| EXTRACTED RECORDS |
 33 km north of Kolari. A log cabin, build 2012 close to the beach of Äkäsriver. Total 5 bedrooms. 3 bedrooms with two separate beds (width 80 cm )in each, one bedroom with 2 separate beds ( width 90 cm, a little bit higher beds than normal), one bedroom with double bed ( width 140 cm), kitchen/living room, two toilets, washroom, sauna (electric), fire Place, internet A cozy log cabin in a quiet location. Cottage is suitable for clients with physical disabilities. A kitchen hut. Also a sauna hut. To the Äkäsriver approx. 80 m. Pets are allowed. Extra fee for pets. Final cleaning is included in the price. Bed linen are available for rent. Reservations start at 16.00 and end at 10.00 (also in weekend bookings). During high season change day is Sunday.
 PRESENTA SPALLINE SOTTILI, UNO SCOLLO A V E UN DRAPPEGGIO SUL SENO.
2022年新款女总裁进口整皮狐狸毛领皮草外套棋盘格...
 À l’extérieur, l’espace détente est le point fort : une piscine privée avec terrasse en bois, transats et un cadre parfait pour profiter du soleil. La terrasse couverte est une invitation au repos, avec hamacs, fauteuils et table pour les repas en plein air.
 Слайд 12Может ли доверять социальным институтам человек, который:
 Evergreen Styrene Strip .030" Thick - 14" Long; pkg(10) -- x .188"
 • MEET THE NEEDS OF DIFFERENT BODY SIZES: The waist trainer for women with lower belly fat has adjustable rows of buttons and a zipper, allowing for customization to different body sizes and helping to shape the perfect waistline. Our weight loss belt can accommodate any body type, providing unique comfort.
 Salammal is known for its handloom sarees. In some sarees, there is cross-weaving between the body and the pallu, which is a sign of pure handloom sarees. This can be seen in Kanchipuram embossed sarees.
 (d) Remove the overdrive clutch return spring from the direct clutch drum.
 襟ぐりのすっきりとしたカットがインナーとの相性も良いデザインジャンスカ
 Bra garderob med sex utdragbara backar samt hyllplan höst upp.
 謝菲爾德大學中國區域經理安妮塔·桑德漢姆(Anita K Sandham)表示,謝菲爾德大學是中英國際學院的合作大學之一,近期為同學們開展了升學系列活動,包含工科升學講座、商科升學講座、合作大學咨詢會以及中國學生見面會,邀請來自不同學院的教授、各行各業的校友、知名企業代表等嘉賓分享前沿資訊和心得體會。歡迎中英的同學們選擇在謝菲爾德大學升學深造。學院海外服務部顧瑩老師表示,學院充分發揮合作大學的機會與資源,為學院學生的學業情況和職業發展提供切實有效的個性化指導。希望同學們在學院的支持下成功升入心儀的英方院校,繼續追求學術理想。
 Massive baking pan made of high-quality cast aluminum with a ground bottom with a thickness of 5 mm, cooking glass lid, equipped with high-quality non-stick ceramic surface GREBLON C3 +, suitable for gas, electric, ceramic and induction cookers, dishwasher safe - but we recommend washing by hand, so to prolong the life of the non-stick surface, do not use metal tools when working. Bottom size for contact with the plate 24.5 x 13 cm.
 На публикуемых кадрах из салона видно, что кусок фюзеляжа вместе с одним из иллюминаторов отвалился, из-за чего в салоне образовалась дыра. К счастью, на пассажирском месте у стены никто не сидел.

| BRIEF |
Search the listing above for lines containing "electric", and copy them.

| PROBLEM SOLUTION |
 33 km north of Kolari. A log cabin, build 2012 close to the beach of Äkäsriver. Total 5 bedrooms. 3 bedrooms with two separate beds (width 80 cm )in each, one bedroom with 2 separate beds ( width 90 cm, a little bit higher beds than normal), one bedroom with double bed ( width 140 cm), kitchen/living room, two toilets, washroom, sauna (electric), fire Place, internet A cozy log cabin in a quiet location. Cottage is suitable for clients with physical disabilities. A kitchen hut. Also a sauna hut. To the Äkäsriver approx. 80 m. Pets are allowed. Extra fee for pets. Final cleaning is included in the price. Bed linen are available for rent. Reservations start at 16.00 and end at 10.00 (also in weekend bookings). During high season change day is Sunday.
 Massive baking pan made of high-quality cast aluminum with a ground bottom with a thickness of 5 mm, cooking glass lid, equipped with high-quality non-stick ceramic surface GREBLON C3 +, suitable for gas, electric, ceramic and induction cookers, dishwasher safe - but we recommend washing by hand, so to prolong the life of the non-stick surface, do not use metal tools when working. Bottom size for contact with the plate 24.5 x 13 cm.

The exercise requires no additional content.